Depth Creates No Bad Local Minima
Haihao Lu, Kenji Kawaguchi
TL;DR
This work investigates whether depth, in the absence of nonlinearity, can introduce bad local minima in deep linear networks. It shows that while depth yields a non-convex loss surface, it does not create new bad local minima by relating the deep parameterization to a rank-constrained shallow model and proving equivalence of local minima under full-row-rank conditions. The main contributions are a pair of results: (i) every local minimum of the deep problem maps to a local minimum of a shallow, rank-constrained problem, and (ii) if the input is sufficiently informative, all local minima of the shallow problem are global, implying all local minima of the deep network are global. The approach provides a simpler, more general framework that extends beyond Frobenius loss and has potential implications for matrix completion and broader loss functions.
Abstract
In deep learning, \textit{depth}, as well as \textit{nonlinearity}, create non-convex loss surfaces.

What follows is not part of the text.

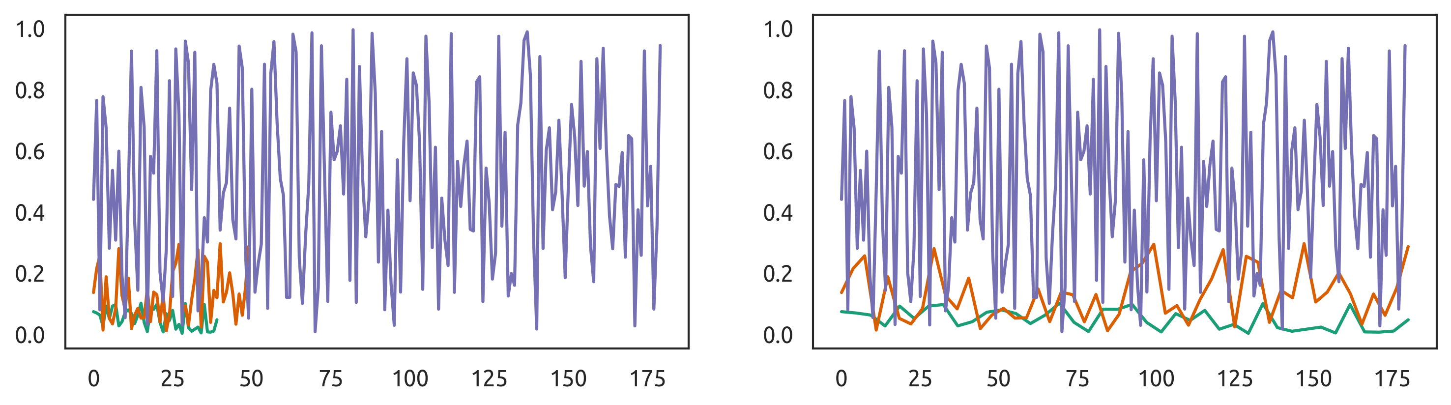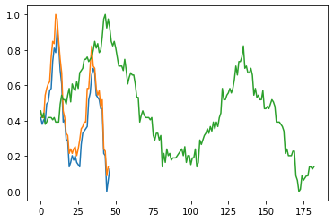 我有这么三个情节。这些较短的地块具有a)峰(局部最大值) b)下峰(局部极小)的地块.问题是这些图与他们的父亲不匹配,因为阵列的大小大约是40,而大的阵列大约有180。在每个单元格中都有0到1之间的值。我使用matplotlib来可视化这些图,但是数据操作可以是我想要的任何东西--熊猫,numpy,列表。我怎样才能扩大这些地块?
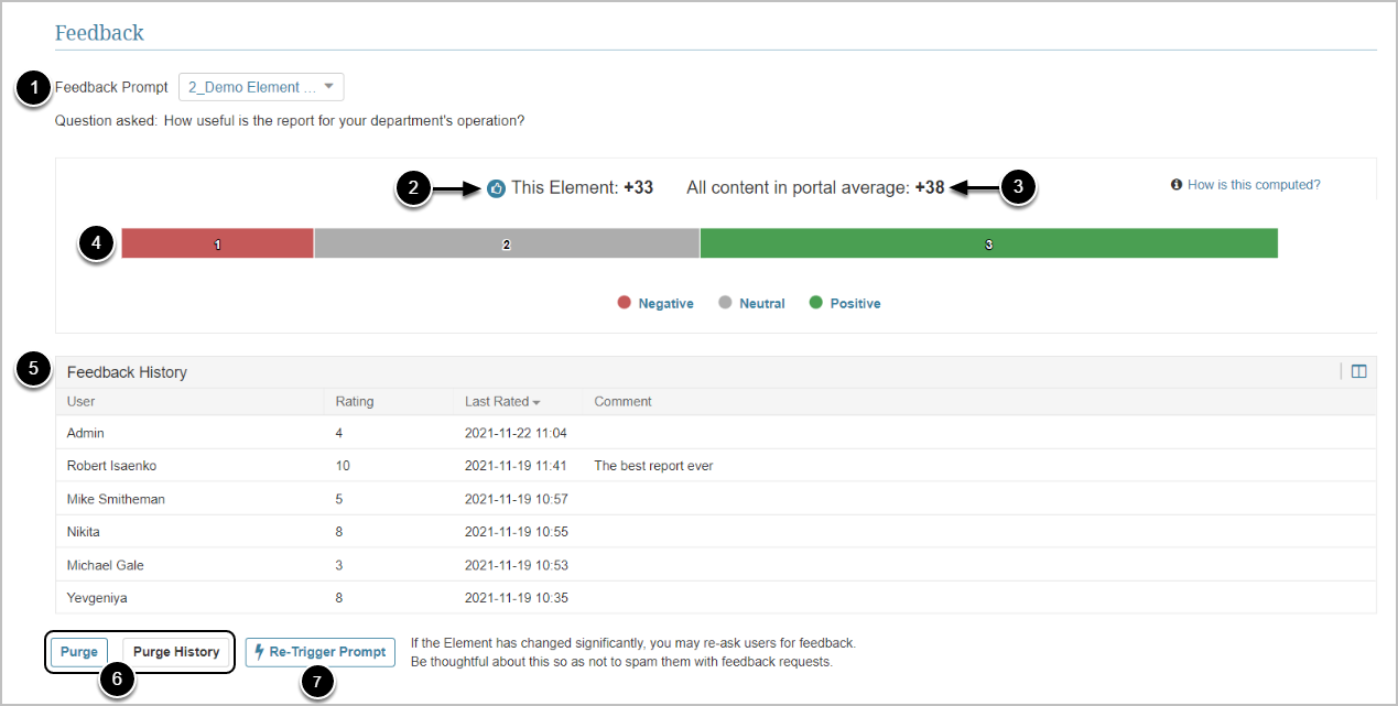 - Overall Rating bar displays a breakdown of negative, neutral, and positive ratings collected for the Feedback Prompt.

Then, does depth alone create bad local minima? In this paper, we prove that without nonlinearity, depth alone does not create bad local minima, although it induces non-convex loss surface. Using this insight, we greatly simplify a recently proposed proof to show that all of the local minima of feedforward deep linear neural networks are global minima. Our theoretical results generalize previous results with fewer assumptions, and this analysis provides a method to show similar results beyond square loss in deep linear models.